Phase 4: CLI & Compilation Wiring

  1. Register in Bazel BUILD Rules: Update cli/api/BUILD to include postgres.ts and utils/postgres.ts under the appropriate library targets.
  2. Wire in cli/index.ts: Currently, the CLI in cli/index.ts explicitly creates a BigQueryDbAdapter on lines 349, 535, and 614.
    • Modify the instantiation logic to check the configured warehouse in the project's dataform.json:
      let dbadapter: IDbAdapter;
      if (projectConfig.warehouse === "postgres") {
        dbadapter = await PostgresDbAdapter.create(finalCredentials);
      } else {
        dbadapter = new BigQueryDbAdapter(finalCredentials);
      }

Phase 5: Modernizing Deprecated Subsystems

  1. SSHTunnelProxy Removal / Mitigation: The old code references SSHTunnelProxy from df/api/ssh_tunnel_proxy, which was completely deleted in the modern version.
    • Recommendation for Supabase: Since Supabase databases are securely accessible over public standard TCP ports with SSL, you do not need SSH tunneling. You should comment out or remove the SSH tunneling block entirely to keep the dependencies lean.
  2. Mock/Rewrite Error Parsing: The old code imports parseRedshiftEvalError from df/api/utils/error_parsing, which is gone. Replace this import with a simple error formatter returning { message: String(error) } in cli/api/utils/error_parsing.ts.

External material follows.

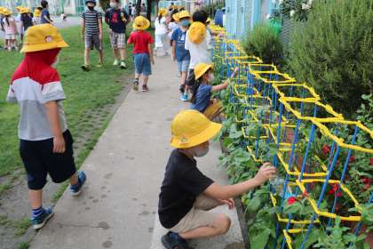 今日は幼稚園門で子供たちを迎えます。8時5分のチャイムまで昇降口で待っていますが、手遊びをしたり、おしゃべりをしたり、上手に並んで友達と過ごしています。

3. Estimated Effort & Risks

Component Difficulty Est. Time Key Risk
1. Dependencies Easy 1 hour Bazel yarn-lock synchronizations
2. File & Import Relocation Easy 2 hours Correct path mappings
3. Interface Alignment Medium 4 hours Adapting old tables() to return full ITableMetadata
4. CLI Integration Medium 3 hours Handling credentials parsing for JDBC vs BigQuery
5. Testing & Verification Hard 4-6 hours Local docker/postgres fixture setup in Bazel sandbox

Note

Testing this locally within the Bazel environment requires a working local Docker installation so that tools/postgres/postgres_fixture.ts can fetch the @postgres//image and boot up a testing container inside the sandbox.